Friday, March 07, 2008

REV: 10,000 B.C.

Well, it's epic. I think.

It's two hours. That's epic.

The other 99% is ridiculous. And I don't mean like the back of your head.

Let's see. They speak English in 10,000 B.C., though I can't place the accent. Perhaps Bulgarian.

And mammoths were trained to pull sleds. And there were Disney-moment friendly sabretooths. And velociraptor influenced Moas.

And there's the matter of the little trek. Perhaps the shortest possibility would be the Himalayas to Egypt, with layovers in New Zealand (see Moa cameos) and Kenya (see various middle African tribes). On the other hand, those icebound heights could be Siberian, or Greenlandic, or, what the heck, the Grand Tetons (after all they were speaking English). Thanks goodness we have grown out of speaking in Yoda like they used to.

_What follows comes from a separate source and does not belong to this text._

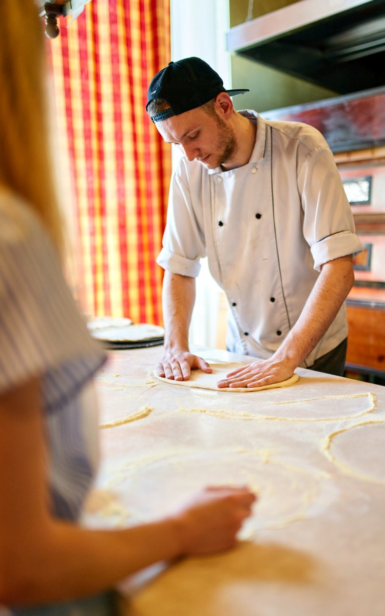 Аутентичная кухня в ресторане представлена блюдами, собранными по всей территории Италии. Здесь вам и домашняя паста с различными ингредиентами, и ризотто, и мясное гриль-меню, и итальянские десерты, и сезонные салаты, и конечно же, неаполитанская пицца, которую мы всей редакцией готовили для себя сами. Признаемся честно, не без помощи поваров, которые специализируются на приготовлении пиццы.

Oh, there was also the slight delay in finishing the pyramids after the interruption caused by the civil war caused by this one guy chasing his slave girlfriend from HimalaAlpineTetonGreenlandia to Egypt.

Did I mention they were in unrequited love for ten years or so after he unwittingly became the prophecy, after not so unwittingly touching her hand when they were twelve resulting in a lifelong conviction that they were meant for each other. There was no room in this movie for puberty, consummation, or character development. That's probably what made it epic.

But the scenery was nice, and the pink boats were cool, and we got a lot of unintentional laughs.

UPDATE: Have i failed to speak to the blistering white teeth and nicely trimmed moustaches of this ancient clan?